A Gary Danko restaurant is emerging amid the rich chocolate scents that waft on Bay breezes through the wood and brick factory-turned-timeshare building and upscale retail center near Aquatic Park.
The restaurateur owns a fine dining restaurant just hundreds of yards from his new location.
“The new venue will be a more casual food — an American-style brasserie that’s open for both lunch and dinner and will offer the locals and visitors a place to hang out,” Danko said. “I felt that this specific neighborhood lacked in this type of restaurant.”
The restaurant will specialize in burgers, steak and fries, pizzas and pasta dishes, according to Danko. Diners at Danko’s other restaurant, by contrast, can begin their meals with $125 dollops of fish eggs.
The 52-year-old said he has long dreamed of “designing a restaurant from a blank space,” and that he hopes to help turn Ghirardelli Square back into the gathering place he found when he moved to The City in 1978.
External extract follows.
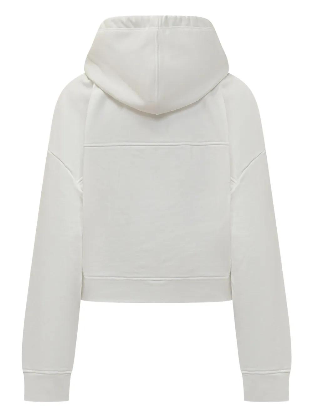 black cotton logo print to the front drawstring hood short front zip fastening long sleeves straight hem

“Over the years, the square was lumped into Fisherman’s Wharf, making it an area where locals rarely come to,” Danko said. “I was drawn into the new transformation.”
An unveiling is scheduled for today, but construction will continue for months and Danko’s restaurant is expected to open in November.
JMA Ventures booted T-shirt stores and other knick-knack merchants out of the square and wooed upscale Northern Californian retailers in their place, including a gourmet grocer specializing in local fare, a Cloverdale winery and a San Francisco-based cupcake company, according to Chapman.
Along with the store makeovers, the square will offer 53 new timeshare units, which are available for people willing to pay $274,000 for a one-tenth share.
The 530 residential memberships were targeted at people living within 90 miles of The City and 40 percent have been sold, according to Chapman.